Recognize Magic: The Gathering (MTG) cards in images by detecting and recognizing their names.
Visions is a Python 3 and C++ program for recognizing Magic: The Gathering cards in images. It currently recognizes cards with black text in the name (modern and M15 frames).
The recognition is done by first detecting and then reading the card names in the image. The process can be split in five phases:
- FASText points are used to detect connected components that could be parts of a card's name.
- A convolutional neural network classifies the found connected components as parts of card names or noise.
- DBSCAN clustering connects found components to form text lines.
- A recurrent neural network containing an LSTM unit is used to read the detected text.
- Language model using SymSpell matches raw results to card names to improve recognition results.
This program is a constructive part of my master's thesis. The thesis contains full details of the implementation in Finnish. A more detailed explanation in English might be added later as a GitHub page or in some other format.
Datasets used for training the neural networks are published in visions-datasets.
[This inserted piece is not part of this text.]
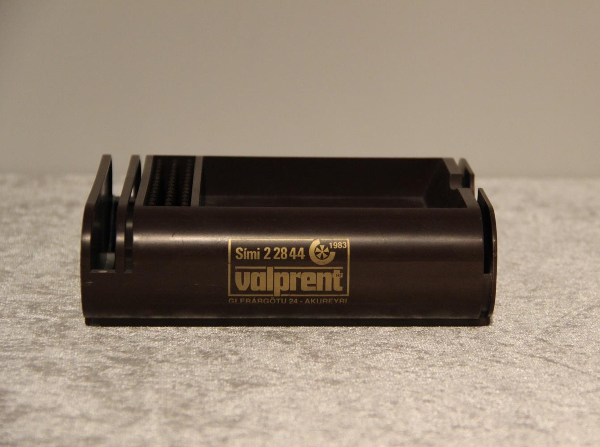 Kassinn er skráður á Iðnaðarsafninu á Akureyri sem skrifstofukassi. Hann er brúnn að lit, ætlaður fyrir minnismiða og annað smælki úr skrifstofuhaldi. Texti með gulum lit: Valprent - Sími 22844 - Glerárgötu 24, Akureyri.

Since Python 3 can be too slow for calculation intensive operations, FASText and DBSCAN are implemented in C++. The following installation instructions have been tested on a fresh installation of Ubuntu 18.04 LTS.
- Cmake for compilation automation. I installed Cmake 3.17.3 from source code, but any version starting from 3.12 should work.
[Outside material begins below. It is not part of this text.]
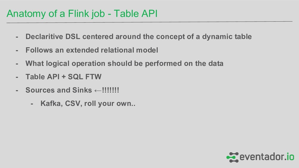 DSL centered around the concept of a dynamic table - Follows an extended relational model - What logical operation should be performed on the data - Table API + SQL FTW - Sources and Sinks ←!!!!!!! - Kafka, CSV, roll your own..

- A C++ compiler supporting C++11 standard. I used g++ 7.5.0, which was simply installed with
sudo apt install g++
. - Python 3.6 for running the Python code. It's already included in Ubuntu 18.04.
- Install dependencies:
sudo apt install python3-dev
sudo apt install python3-numpy
- Compile the code:
mkdir build
cd build
cmake ../
cmake --build ./
If the compilation was successful, there should now be a file called libftpy.so
in the py
folder of the project.
- Create a virtual environment and activate it:
sudo apt install python3-venv
python3 -m venv env
source env/bin/activate
- Upgrade pip and setuptools
pip install --upgrade pip
pip install --upgrade setuptools
- Install depedencies using
requirements.txt
file
pip install -r requirements.txt
Now that the installation is complete, you can use py/main.py
to process images from the inputs
folder. Run
python py/main.py
to process the sample inputs.
You can generate visual outputs similar to the images on top of this page by adding a --visualize 1
command line argument:
python py/main.py --visualize 1
The generated images can be found in a folder called outputs
.
Argument | Purpose | Default | Example |
---|---|---|---|
input |
Specify input image folder | "inputs" | python py/main --input my_input_folder |
visualize |
Toggle on visualization output | 0 | python py/main --visualize 1 |
output |
Specify visualization output folder | "outputs" | python py/main --visualize 1 --output my_output_folder |
- The most glaring issue of the implementation is that it only recognizes cards with black text in names. White text cards is the first improvement to be done. It should be possible to add the white text cards, by expanding the training data and tweaking the options of FASText.
- There's no unit tests. Unit tests would be useful for at least FASText code.
- The detection pipeline doesn't detect text lines that are heavily rotated. The pipeline is also a bit complex. Alternative detection methods should be tested.